JOHN W. STEVENSON
of Kentucky
SENATORS OF THE DEMOCRATIC “ADVISORY COMMITTEE” IN THE HAYES-TILDEN CONTEST
Luck was with me. It went with a bang—not, however, wholly without detection. The Indianians, devoted to Hendricks, were very wroth. “See that fat man behind the hat telling him what to say,” said one to his neighbor, who answered, “Yes, and wrote it for him, too, I’ll be bound.”
One might as well attempt to drive six horses by proxy as preside over a National Convention by hearsay. I lost my parliamentarian at once. I just made my parliamentary law as we went. Never before nor since did any deliberative body proceed under manual so startling and original. But I delivered each ruling with a resonance—it were better called an impudence—which had an air of authority. There was a good deal of quiet laughter on the floor among the knowing ones, though I knew the mass was as ignorant as I was myself; but, realizing that I meant to be just and was expediting business, the Convention soon warmed to me, and, feeling this, I began to be perfectly at home. I never had a better day’s sport in all my life.
One incident was particularly amusing. Much against my will and over my protest, I was brought to promise that Miss Phœbe Couzins, who bore a Woman’s Rights Memorial, should at some opportune moment be given the floor to present it. I foresaw what a row it was bound to occasion. Toward noon, when there was a lull in the proceedings, I said with an emphasis meant to carry conviction, “Gentlemen of the Convention, Miss Phœbe Couzins, a representative of the Woman’s Association of America, has a Memorial from that body and, in the absence of other business, the chair will now recognize her.”

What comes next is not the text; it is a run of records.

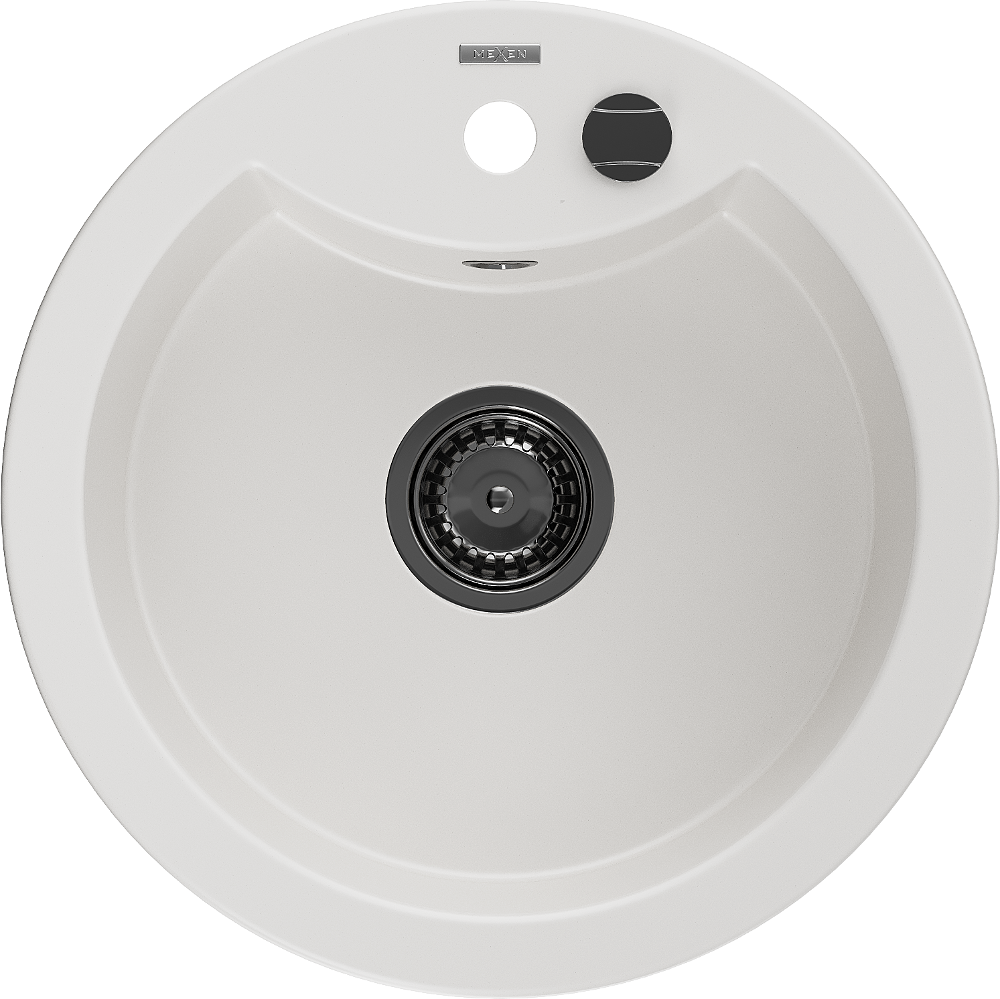 Mexen Diego granite sink single-bowl 488 x 480 mm, white, black siphon - 6512481000-20-B
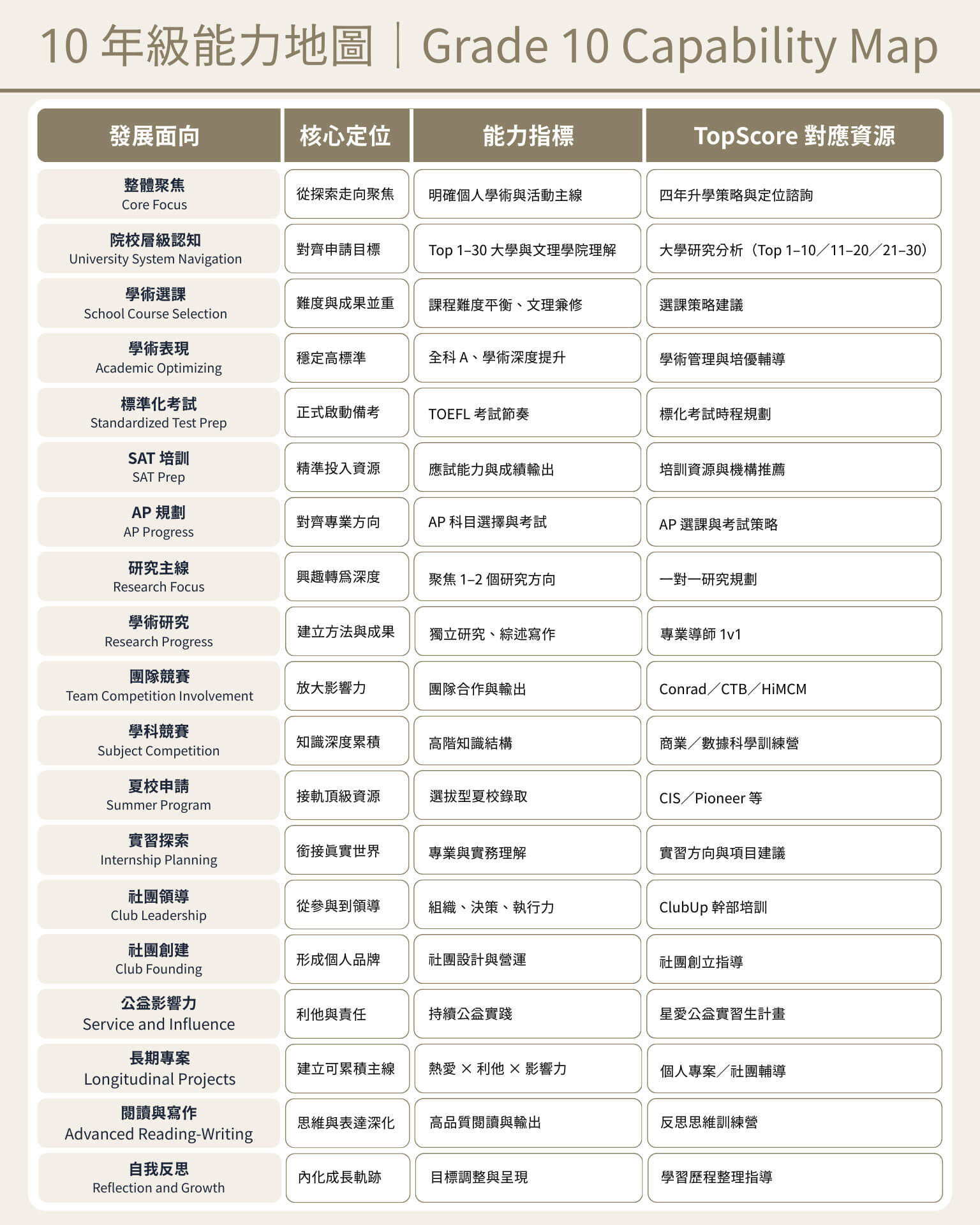 10 年級能力地圖|Grade 10 Capability Map
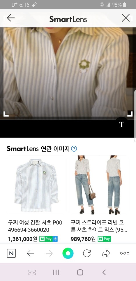 궁금한 의류 찾기는 정말 네이버 그린 닷 스마트렌즈가 편한 것 같긴합니다.
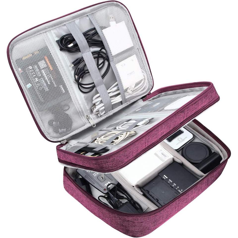 Étui de rangement portable double couche pour appareils électroniques, sac de voyage étanche pour accessoires de câbles, rangement spécial pour câbles et cordons
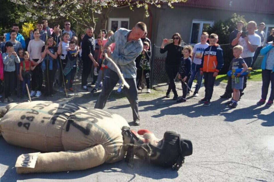 מדיווח מקומי עולה, כמו כן, כי הטקס נערך משל היה "יום שישי הטוב" שבו נצלב ישו. בפועל, בעיירה המרוחקת כ־250 קילומטרים מקרקוב, החליטו לערוך טקס עתיק שבו נערך מעין משפט ליהודה איש קריות, בהשתתפות אנשי העיירה. הלכה למעשה, הבובה נתלתה בכיכר העיר החל משעות הבוקר, כאשר אחר הצהריים החל המשפט שלה.
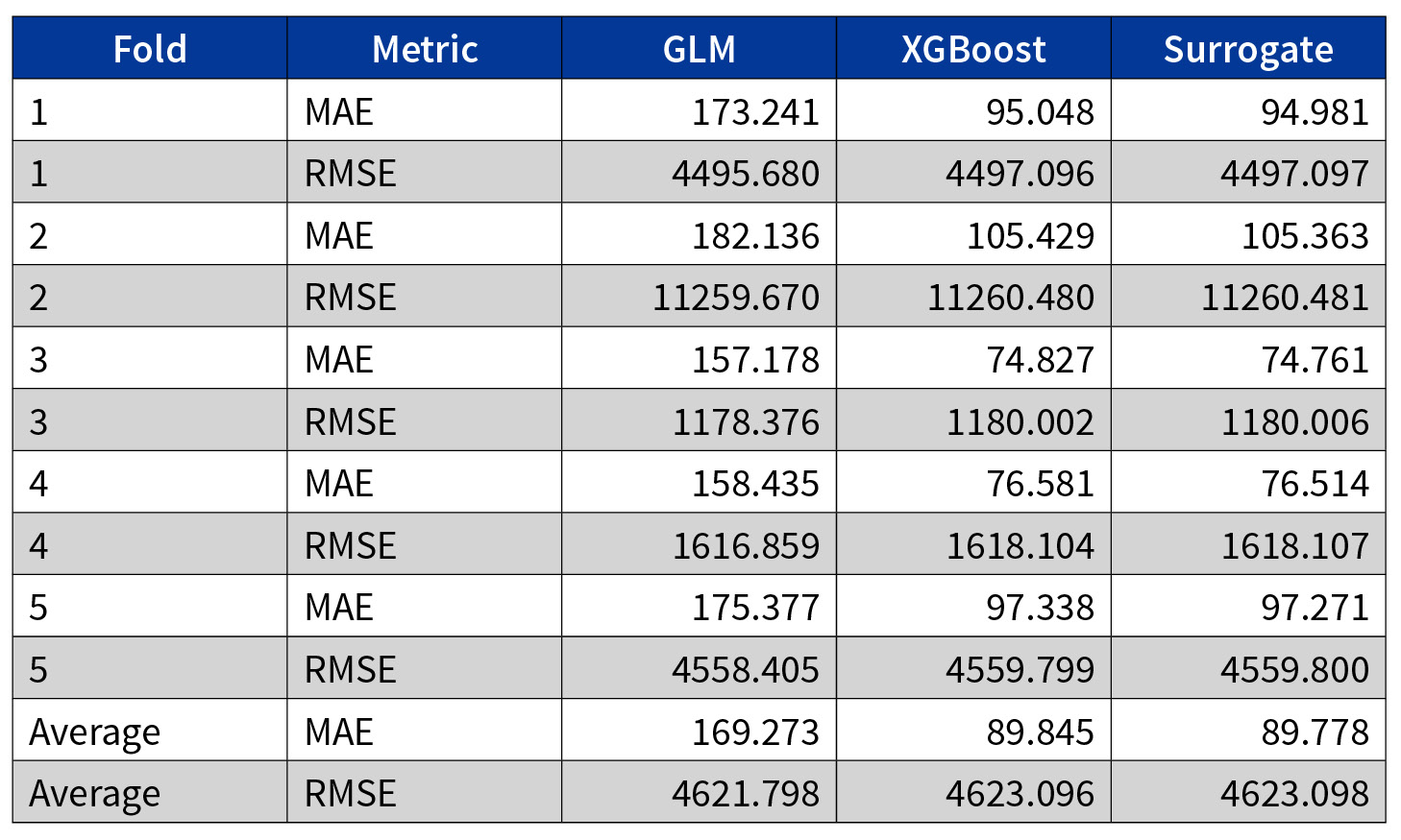 The two models produce similar RMSE, but XGBoost outperforms GLM on MAE. This suggests that XGBoost is better at predicting small errors. Given the focus of this article is to analyze the potential for surrogate models, we are comfortable with the model performance. However, it is important to note that XGBoost-based models generally can outperform GLMs. While that is not the case here, there are other articles that prove this and further the case for surrogates.[5]

Instantly, and from every part of the hall, arose cries of “No!” These put some heart into me. Many a time as a school-boy I had proudly declaimed the passage from John Home’s tragedy, “My name is Norval.” Again I stood upon “the Grampian hills.” The Committee was escorting Miss Couzins down the aisle. When she came within the radius of my poor vision I saw that she was a beauty and dressed to kill! That was reassurance. Gaining a little time while the hall fairly rocked with its thunder of negation, I laid the gavel down and stepped to the edge of the platform and gave Miss Couzins my hand. As she appeared above the throng there was a momentary “Ah!” and then a lull broken by a single voice: “Mr. Chairman, I rise to a point of order.” Leading Miss Couzins to the front of the stage, I took up the gavel and gave a gentle rap, saying, “The gentleman will take his seat.”
“But, Mr. Chairman, I rise to a point of order,” he vociferated.
“The gentleman will take his seat instantly,” I answered in a tone of one about to throw the gavel at his head. “No point of order is in order when a lady has the floor.”
After that Miss Couzins received a positive ovation, and having delivered her message retired in a blaze of glory.